I'm looking for a 64bit timestamp definition/standard with suitable
range (at least from year 1900 to 2100) and precision (at least
milliseconds). So far .NET's System.DateTime is the best candidate
(range is year 1 AD to 9999 AD, precision is 0.1 microsecond). However,
conversion to/from UNIX timestamp looks to be non-straightforward. Is
there a Ruby library to do this (or to/from other suitable timestamp)?

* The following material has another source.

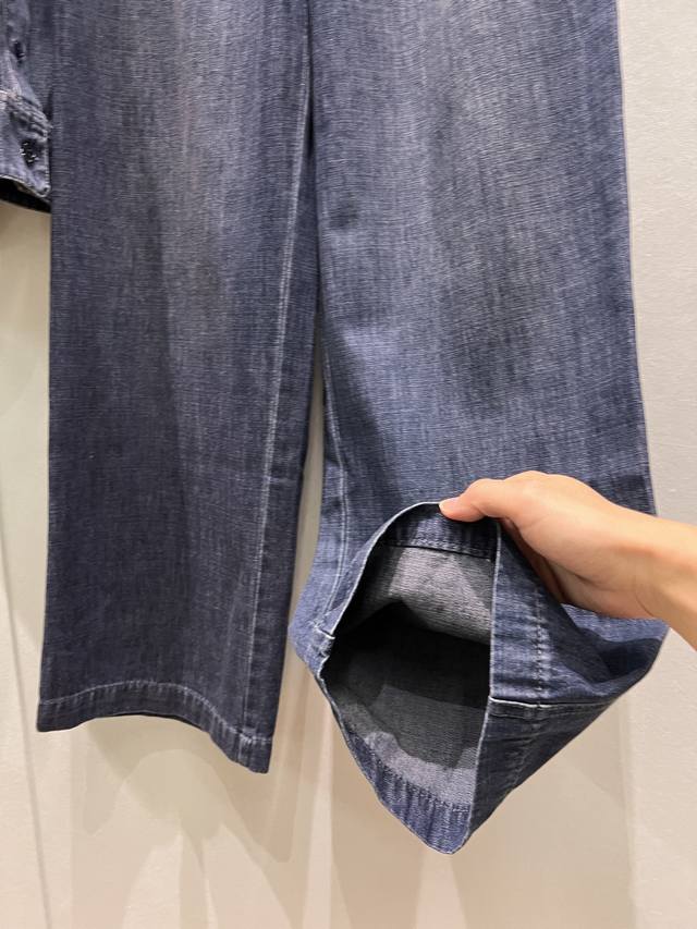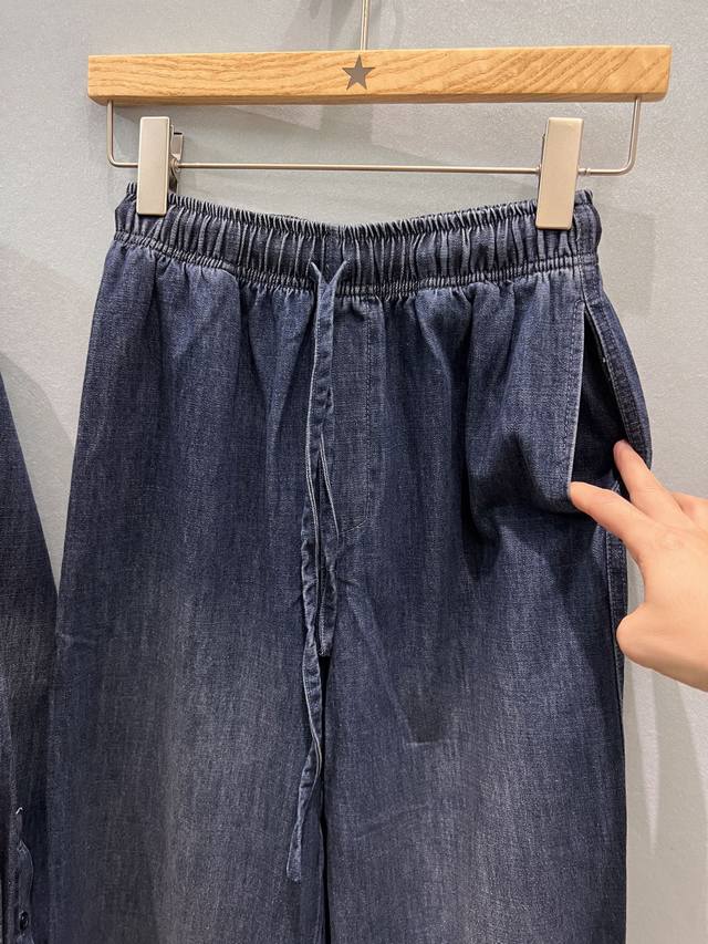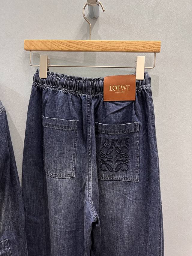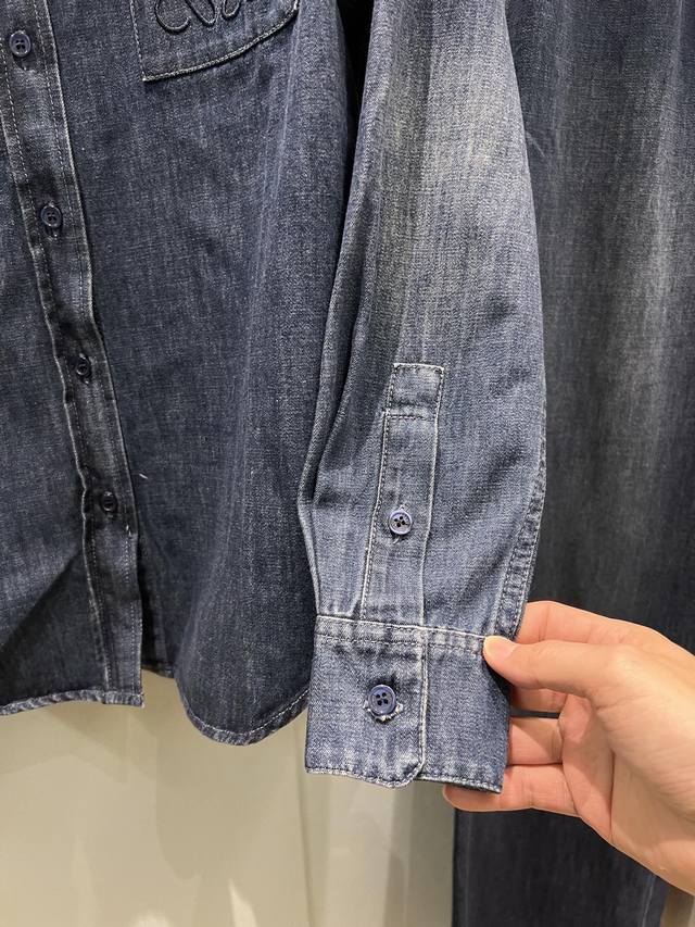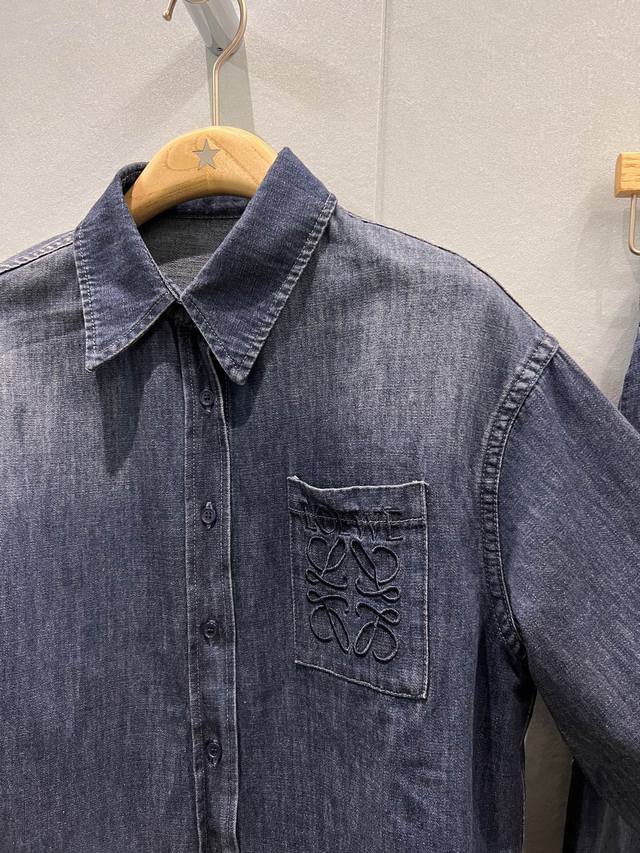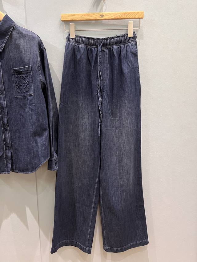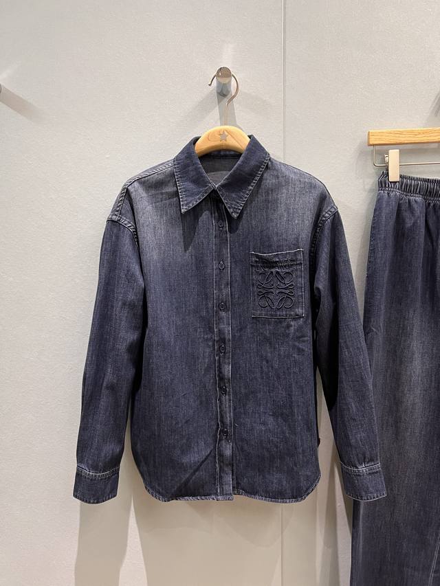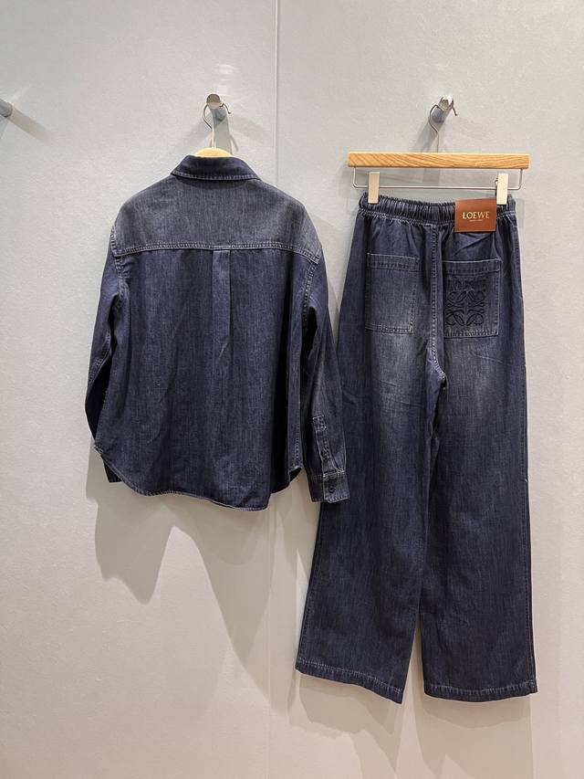 New shirt and pants are coming: Loewe embroidered three-dimensional logo badge washed denim shirt elastic waist wide-leg denim pants with gradient wash positioning, vacation leisure and versatile essential lazy age reduction Sml

I could always invent my own timestamp, but...
 
T

T. Onoma

Do me a favor and build you own 128bit timestamp and lets be done with these
restraints. I'm getting shades of Y2K mainia all over again. ;)
 
C

Charles Hixson

David said:
I'm looking for a 64bit timestamp definition/standard with suitable
range (at least from year 1900 to 2100) and precision (at least
milliseconds). So far .NET's System.DateTime is the best candidate
(range is year 1 AD to 9999 AD, precision is 0.1 microsecond).
However, conversion to/from UNIX timestamp looks to be
non-straightforward. Is there a Ruby library to do this (or to/from
other suitable timestamp)?

I could always invent my own timestamp, but...

Given that:
1 Year = 365.25 days 365 days/year
1 Day = 24 hours 8,766 hours/year
1 Hour = 60 minutes 525,960 minutes/year
1 Minute = 60 seconds 31,557,600 seconds/year
1 Second = 1000 miliseconds 31,557,600,000 ms/year
1 ms = 10 .1 ms 315,576,000,000 .1 ms/year

2 ^ 63 = 9,223,372,036,854,780,000 => 29,227,102 years @ .1 ms

So just pick a good date... say 00:00:00.0000001 01/01/2000 and figure
forwards and backwards from there. Even specifying 0.01 ms resolution
shouldn't hurt you for most purposes. (Actually I meant New Years +
epsilon at Greenwich on the year 2000 CE). But the birthday of Charles
Babbage would be just as good, except for things like the problem of
figuring leap seconds. Since very few people need to worry about leap
seconds I think you can leave worrying about the details required to
handle them until later. Just provide some reasonable way to add in a
table of fudge factors.
 
D

David Garamond

Charles said:
Given that: 1 Year = 365.25 days 365 days/year
[snip]

Thanks for the explanation. I should've completed my previous sentence:
"I could always invent my own timestamp, but... I really don't want to
:)" There are already too many kinds of timestamps out there (MySQL's,
Firebird's, Unix's, PostgreSQL's, Win32's, .NET's, etc).
 
D

David Garamond

T. Onoma said:
Do me a favor and build you own 128bit timestamp and lets be done with these
restraints. I'm getting shades of Y2K mainia all over again. ;)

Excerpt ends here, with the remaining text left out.